Goal of the exercise
Set down exactly, from the records below, the line with "7 Zwiebelmuster-Tassen und 1 -Vase" through the line with "(F520)狄易達Hip Hop B班", and nothing else.

(Data extracted from a collection)
━━━━━━━━━━
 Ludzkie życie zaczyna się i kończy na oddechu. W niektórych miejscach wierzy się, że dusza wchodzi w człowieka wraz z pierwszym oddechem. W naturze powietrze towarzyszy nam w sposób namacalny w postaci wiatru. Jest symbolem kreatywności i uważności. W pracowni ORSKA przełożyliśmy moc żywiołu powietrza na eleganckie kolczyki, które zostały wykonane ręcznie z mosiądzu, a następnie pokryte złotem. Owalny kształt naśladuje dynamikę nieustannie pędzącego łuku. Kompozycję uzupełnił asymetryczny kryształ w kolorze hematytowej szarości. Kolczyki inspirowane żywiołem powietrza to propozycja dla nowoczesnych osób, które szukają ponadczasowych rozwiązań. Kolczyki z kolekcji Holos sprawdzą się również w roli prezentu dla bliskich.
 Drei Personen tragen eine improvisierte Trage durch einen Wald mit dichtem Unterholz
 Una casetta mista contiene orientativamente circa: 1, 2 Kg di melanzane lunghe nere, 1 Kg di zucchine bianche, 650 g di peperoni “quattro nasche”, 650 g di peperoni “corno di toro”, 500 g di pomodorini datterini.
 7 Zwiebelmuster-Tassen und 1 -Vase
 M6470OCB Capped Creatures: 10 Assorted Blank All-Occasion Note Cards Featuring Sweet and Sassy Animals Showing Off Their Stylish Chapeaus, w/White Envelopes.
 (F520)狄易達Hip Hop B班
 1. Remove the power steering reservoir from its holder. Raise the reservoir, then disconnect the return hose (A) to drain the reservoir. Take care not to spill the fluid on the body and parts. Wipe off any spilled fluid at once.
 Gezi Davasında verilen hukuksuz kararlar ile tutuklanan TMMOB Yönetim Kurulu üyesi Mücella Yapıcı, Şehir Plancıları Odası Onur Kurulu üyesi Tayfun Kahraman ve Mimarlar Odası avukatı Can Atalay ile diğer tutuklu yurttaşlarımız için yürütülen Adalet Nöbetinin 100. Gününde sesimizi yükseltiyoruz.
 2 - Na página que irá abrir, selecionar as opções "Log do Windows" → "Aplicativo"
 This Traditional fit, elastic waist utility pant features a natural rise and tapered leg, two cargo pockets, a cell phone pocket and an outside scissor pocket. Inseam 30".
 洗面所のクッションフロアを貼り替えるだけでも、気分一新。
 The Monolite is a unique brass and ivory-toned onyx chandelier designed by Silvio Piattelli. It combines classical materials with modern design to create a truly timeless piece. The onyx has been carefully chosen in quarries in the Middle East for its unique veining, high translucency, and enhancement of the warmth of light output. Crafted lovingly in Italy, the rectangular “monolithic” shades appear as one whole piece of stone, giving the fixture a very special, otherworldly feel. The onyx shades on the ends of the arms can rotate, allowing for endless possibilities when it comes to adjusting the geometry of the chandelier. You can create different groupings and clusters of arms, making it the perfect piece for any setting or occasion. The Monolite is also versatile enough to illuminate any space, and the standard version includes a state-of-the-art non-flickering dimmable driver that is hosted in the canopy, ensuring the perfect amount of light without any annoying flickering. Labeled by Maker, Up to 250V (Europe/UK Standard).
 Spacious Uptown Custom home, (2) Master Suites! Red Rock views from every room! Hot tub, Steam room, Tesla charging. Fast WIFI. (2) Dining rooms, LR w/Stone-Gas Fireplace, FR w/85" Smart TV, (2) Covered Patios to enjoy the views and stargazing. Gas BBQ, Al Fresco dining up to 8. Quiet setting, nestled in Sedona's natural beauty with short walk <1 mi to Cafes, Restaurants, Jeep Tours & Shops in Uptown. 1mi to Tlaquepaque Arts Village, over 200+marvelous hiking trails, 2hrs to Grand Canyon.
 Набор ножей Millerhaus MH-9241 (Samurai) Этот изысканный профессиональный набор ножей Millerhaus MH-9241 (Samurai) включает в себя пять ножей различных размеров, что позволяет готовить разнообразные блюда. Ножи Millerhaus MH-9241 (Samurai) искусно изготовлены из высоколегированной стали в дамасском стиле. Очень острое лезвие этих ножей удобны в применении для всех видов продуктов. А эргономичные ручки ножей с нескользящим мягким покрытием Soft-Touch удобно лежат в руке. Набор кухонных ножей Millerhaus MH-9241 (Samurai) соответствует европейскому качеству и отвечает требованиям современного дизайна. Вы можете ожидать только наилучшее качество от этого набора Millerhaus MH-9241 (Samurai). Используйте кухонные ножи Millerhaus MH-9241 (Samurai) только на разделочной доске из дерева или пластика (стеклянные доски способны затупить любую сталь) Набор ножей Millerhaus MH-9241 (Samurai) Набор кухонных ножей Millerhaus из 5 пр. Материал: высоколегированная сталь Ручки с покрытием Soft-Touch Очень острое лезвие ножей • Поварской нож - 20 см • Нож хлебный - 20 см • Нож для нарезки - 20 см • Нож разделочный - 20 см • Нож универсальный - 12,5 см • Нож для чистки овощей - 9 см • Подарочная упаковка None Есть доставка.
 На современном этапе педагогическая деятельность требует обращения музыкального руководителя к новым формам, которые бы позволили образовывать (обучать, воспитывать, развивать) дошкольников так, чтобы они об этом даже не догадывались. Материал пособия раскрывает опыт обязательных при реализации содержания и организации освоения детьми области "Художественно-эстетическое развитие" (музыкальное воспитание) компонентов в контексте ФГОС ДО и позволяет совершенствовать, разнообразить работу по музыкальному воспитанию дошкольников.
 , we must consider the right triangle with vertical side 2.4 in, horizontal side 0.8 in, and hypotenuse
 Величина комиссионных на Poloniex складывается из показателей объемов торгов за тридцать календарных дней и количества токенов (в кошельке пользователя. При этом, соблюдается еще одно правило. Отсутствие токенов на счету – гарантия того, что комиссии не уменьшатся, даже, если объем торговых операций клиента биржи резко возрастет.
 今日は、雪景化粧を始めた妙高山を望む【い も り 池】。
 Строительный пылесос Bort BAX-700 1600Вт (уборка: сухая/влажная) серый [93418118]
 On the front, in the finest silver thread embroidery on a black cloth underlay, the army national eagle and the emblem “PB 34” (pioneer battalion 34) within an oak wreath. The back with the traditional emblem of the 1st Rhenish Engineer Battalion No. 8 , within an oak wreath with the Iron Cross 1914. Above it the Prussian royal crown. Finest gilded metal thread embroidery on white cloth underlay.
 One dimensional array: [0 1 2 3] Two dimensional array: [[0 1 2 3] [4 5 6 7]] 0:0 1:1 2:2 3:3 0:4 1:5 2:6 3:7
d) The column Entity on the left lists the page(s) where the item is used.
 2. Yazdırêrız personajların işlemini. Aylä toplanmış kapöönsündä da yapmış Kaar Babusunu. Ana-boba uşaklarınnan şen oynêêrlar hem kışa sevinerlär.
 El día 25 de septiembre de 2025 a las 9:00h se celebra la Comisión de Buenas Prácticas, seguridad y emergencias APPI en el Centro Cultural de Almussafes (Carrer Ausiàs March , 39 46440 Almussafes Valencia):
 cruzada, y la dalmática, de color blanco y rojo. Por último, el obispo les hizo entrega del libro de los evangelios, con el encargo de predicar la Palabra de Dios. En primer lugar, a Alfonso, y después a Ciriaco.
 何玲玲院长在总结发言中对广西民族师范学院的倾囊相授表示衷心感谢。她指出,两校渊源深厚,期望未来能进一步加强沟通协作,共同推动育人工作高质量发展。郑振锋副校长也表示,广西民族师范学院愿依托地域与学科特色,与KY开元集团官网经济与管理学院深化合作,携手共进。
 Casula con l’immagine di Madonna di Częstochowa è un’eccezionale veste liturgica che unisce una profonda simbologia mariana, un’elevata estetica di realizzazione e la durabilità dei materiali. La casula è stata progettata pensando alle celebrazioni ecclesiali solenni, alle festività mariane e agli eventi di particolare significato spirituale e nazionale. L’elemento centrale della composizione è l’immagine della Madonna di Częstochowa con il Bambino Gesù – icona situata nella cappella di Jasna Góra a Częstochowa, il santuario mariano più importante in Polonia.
━━━━━━━━━━
Result of the task
 7 Zwiebelmuster-Tassen und 1 -Vase
 M6470OCB Capped Creatures: 10 Assorted Blank All-Occasion Note Cards Featuring Sweet and Sassy Animals Showing Off Their Stylish Chapeaus, w/White Envelopes.
 (F520)狄易達Hip Hop B班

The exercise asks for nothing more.